適切なタグ化剤／標識は多種多様の可能な部分を包含する。非限定的な例として、タグ化剤／／標識には、限定されないが、ａ）有色または蛍光色素を含む、光学色素；ｂ）抗体または抗原であってもよい、免疫標識；ｃ）アルカリホスファターゼおよび西洋ワサビペルオキシダーゼなどの酵素；ｄ）放射性または重同位体であってもよい、同位体標識、ｅ）コロイド、磁性粒子などの粒子、ならびに蛍光標識化抗体および化学発光標識化抗体などのそれらの組合せが含まれる。

一部の実施形態では、タグ化剤には、ＤＮＡ、ＲＮＡ、混合物もしくはペプチド（例えば、ＰＮＡ）などのオリゴヌクレオチド（一本鎖または二本鎖）、または別の種類のポリマーが含まれる。ポリマーは、同じまたは異なる鎖（１つより多い場合）上にあってもよい蛍光標識などの、１つまたは複数の標識を含有してもよい。一部の実施形態では、タグ化剤はまた、蛍光クエンチャーを含有してもよい。任意に、この剤は、エンドヌクレアーゼについての認識部位、転写因子（例えば、ＺＦＰ）などの、酵素的に放出可能な基を含有してもよい。ポリマー鎖はまた、化学的に不活性であってもよいか、またはＤＮＡポリメラーゼを介するなどして伸長可能のいずれかであってもよい。ポリマー鎖はまた、分岐ＤＮＡ（ｂＤＮＡ）、デンドリマーまたはＤＮＡオリガミ（例えば、Ｍ１３ｍｐ１８一本鎖ＤＮＡを使用する）などの、直鎖または分岐であってもよい。

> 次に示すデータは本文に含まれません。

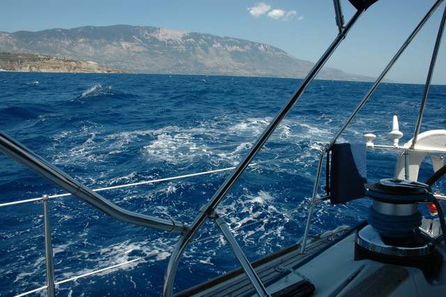 At 10.00 hrs on 13th July we slipped our warps to sail from Zakinthos town to Argostoli, the capital of Kefalonia. We motored north along the east coast of Zakinthos in gorgeous hot sunshine and no wind. When we reached the channel between the islands we were able to sail for a couple of hours NW towards Argostoli. The forecast was for a brisker 15 knots of wind to fill in but as we continued we saw white heads building on the horizon and as it neared the wind increased. The wind got up to 25 knots app which was fine but was on the bow, however, the sea state got unpleasant building to 2m waves and before long we were slamming into unpleasant seas. After a couple of hours we decided to give up and run back to a protected outcrop called Liakas point near Lourdha bay on the south of Kefalonia.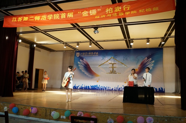 5月30日,由校团委主办,经济与法政学院承办的“金锤拍卖”活动在浦口校区礼堂举行。

一部の実施形態では、タグ化剤は蛍光色素を含む。蛍光色素は、蛍光シグナルを提供し、本明細書に記載されている方法およびデバイスに従って使用され得る任意の実体を含んでもよい。典型的に、蛍光色素は、第１の波長における光を吸収し、吸収事象に応答して第２の波長における蛍光を放出する共鳴非局在系または芳香族環系を含む。多種多様のこのような蛍光色素分子は当該技術分野において公知である。例えば、蛍光色素は、様々なクラスの蛍光化合物のいずれかから選択することができ、非限定的な例には、キサンテン、ローダミン、フルオレセイン、シアニン、フタロシアニン、スクアライン、ボディピー色素、クマリン、オキサジンおよびカルボピロニンが含まれる。一部の実施形態では、例えば、タグ化剤が蛍光色素などのフルオロフォアを含有する場合、それらの蛍光は適切な光源によりそれらを励起し、特徴的な蛍光発光波長に感受性のある検出器によってそれらの蛍光をモニターすることによって検出される。一部の実施形態では、タグ化剤は蛍光色素標識化抗体を含む。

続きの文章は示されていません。